Talking of the skin-deep nature of the film, a lot has been made about Cooper’s resolution to put on elaborate prosthetics to make his transformation into Bernstein extra full. The distinguished nostril, specifically, has been a supply of consternation, as Cooper isn’t Jewish. (Bernstein’s personal kids have defended the selection.) Make-up guru Kazu Hiro, who gained Academy Awards for turning Gary Oldman into Winston Churchill for “The Darkest Hour” and Charlize Theron into Megyn Kelly for “Bombshell,” does totally convincing work right here, particularly when Bernstein seems as a 70-year-old man on the very starting and finish of the movie.

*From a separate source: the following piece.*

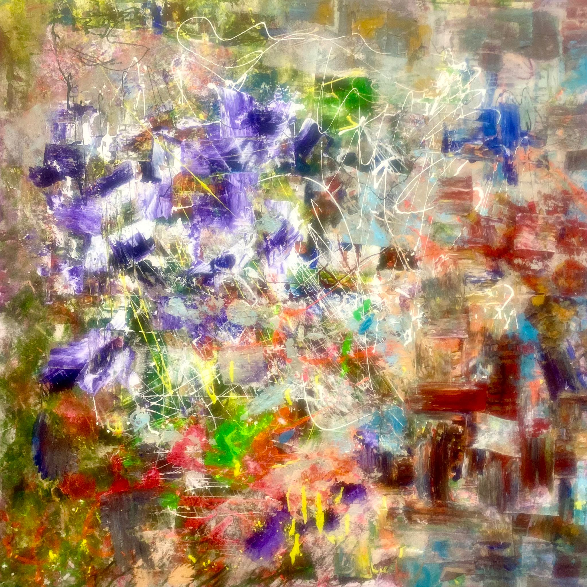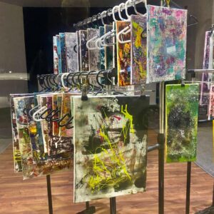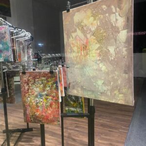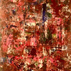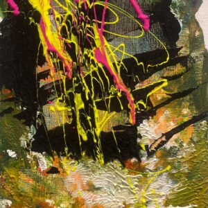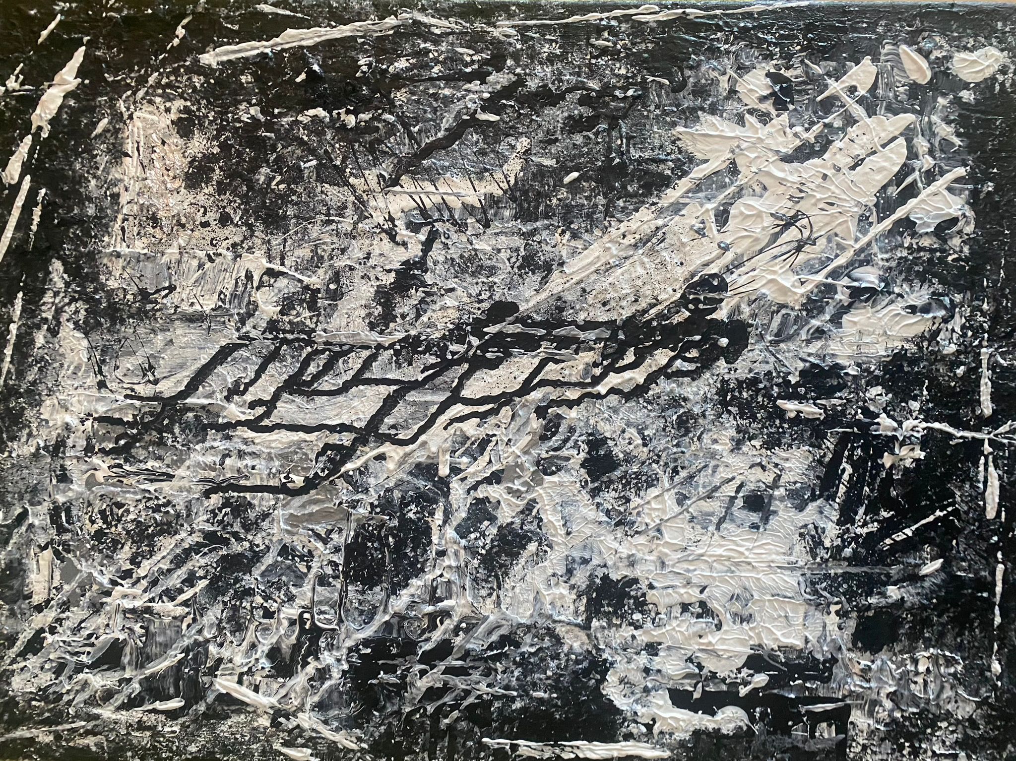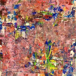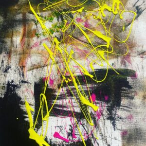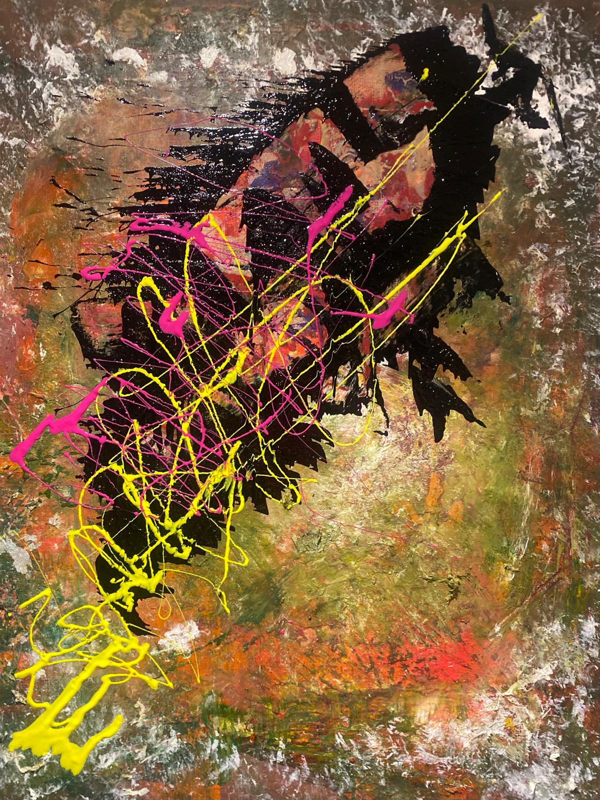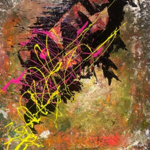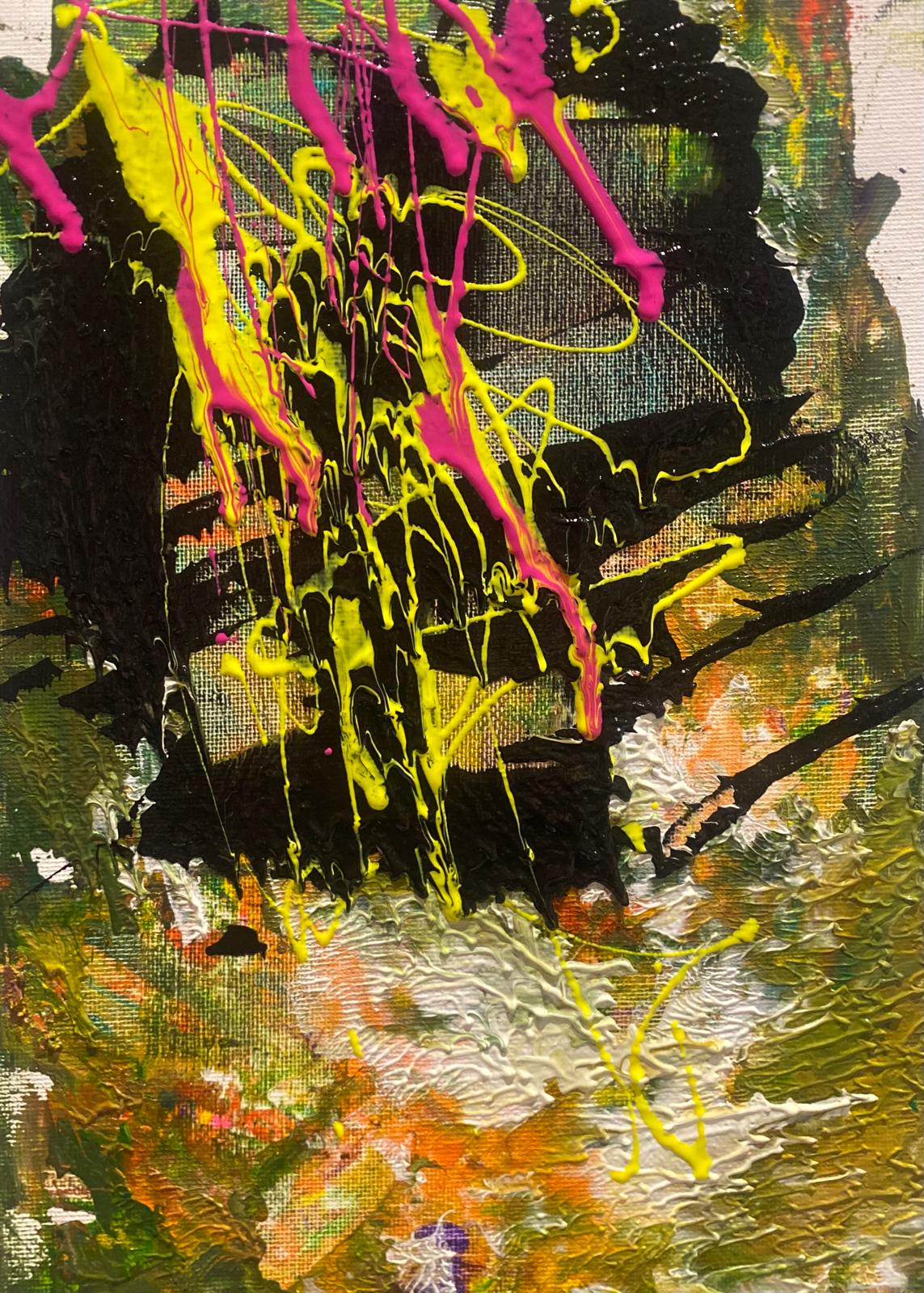 ‘I quickly discovered an unconventional artistic avenue by eschewing all brushes and using my technical hairdressing equipment and a vast array of kitchen and quirky home utensils as my instruments, Utilising their varied forms & textures on canvas’.‘By infusing my raw emotions and employing unconventional tools, I aim to polarise and evoke profound thoughts and feelings,using these unorthodox methods l orchestrate a combination of layers, textures and colours by blending opposing traditional artistic norms.,

One thing does occur towards the movie’s conclusion, although, that’s deserving of criticism. It’s the late Nineteen Eighties, and the body has expanded to widescreen. Bernstein is driving his Jaguar convertible, blaring R.E.M.’s “It’s the Finish of the World as We Know It (And I Really feel Positive).” Simply as he zooms into the middle of the shot, lead singer Michael Stipe yells the lyric “Leonard Bernstein!” Now, perhaps that is one thing Bernstein did in actual life; he clearly thought fairly extremely of himself, so perhaps he was so tickled to be talked about on this capability. However in a film, this alternative was eye-rollingly on the nostril. I groaned audibly.
Bernstein took possibilities along with his work; that’s what made him nice. “Maestro” would have been stronger if it had performed the identical.
In theaters now. On Netflix on December twentieth.